Cette histoire a été créée automatiquement avec l’aide de l’IA. Toutes les personnes sont majeures. 18 ans et plus.

Le soleil brûlait sur les douces collines de la Toscane tandis que je flânais à travers les vignes poussiéreuses du domaine. La chaleur pesait lourdement sur ma peau, et la sueur ruisselait le long de mon dos. J’étais là pour laver la crasse et le sang de mon temps de soldat, pour chasser la douleur dans mes os et les démons dans ma tête. Une retraite de yoga — je l’avais réservée des mois auparavant, quand je pensais encore que le silence et la méditation pouvaient tout guérir. Mais cette première nuit, alors que je traversais la salle à manger, ce ne fut pas le calme qui me saisit, mais un regard qui me coupa le souffle. Au bout de la longue table, il était assis, un verre de vin rouge à la main, les doigts relâchés autour du pied. Ses yeux croisèrent les miens, et je me figeai. C’était Alessandro, mon camarade de l’armée. Nous nous étions séparés des années auparavant, après une mission en enfer, et je ne l’avais jamais oublié.
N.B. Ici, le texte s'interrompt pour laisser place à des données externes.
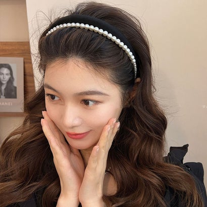 全体にあしらったパールが華やかな印象の2連カチューシャ。

Maintenant, il me souriait, et son sourire était comme un couteau qui se plantait dans ma poitrine. Je m’assis à côté de lui, et l’air entre nous crépitait de choses inexprimées. Nous parlâmes pendant des heures, des vieux temps, des femmes, des nuits où nous nous étions maintenus en vie l’un l’autre. Sa voix était profonde, rauque, et chaque mot me rendait plus brûlante. Je sus à cet instant que cette semaine ne serait pas faite que de méditation.
Les jours passaient dans un mélange de tension et de désir. Nous nous retrouvions au yoga, nos corps bougeaient en synchronie, mais je ne pouvais m’empêcher de fixer son corps. Sous le tissu fin de son short, chaque muscle se dessinait. Quand il se penchait en avant, je voyais la courbe de ses fesses, fermes et rondes, et je devenais brûlante entre les jambes. Nous marchions à travers les vignes, et le soleil faisait briller sa peau. Je lui parlais des cauchemars qui me poursuivaient, et il écoutait, hochait la tête, posait sa main sur mon épaule. Son contact brûlait à travers le tissu fin de mon t-shirt. Je voulais plus. Chaque sourire de sa part rendait ma chatte humide, chaque regard dans ses yeux me faisait trembler. Je savais qu’il le ressentait aussi. Quand nous nous asseyions en face l’un de l’autre au dîner, son regard glissait sans cesse vers mon décolleté, vers mes lèvres, vers mes mains que j’enroulais autour de mon verre de vin. La tension était insupportable, et j’aspirais au moment où nous la briserions.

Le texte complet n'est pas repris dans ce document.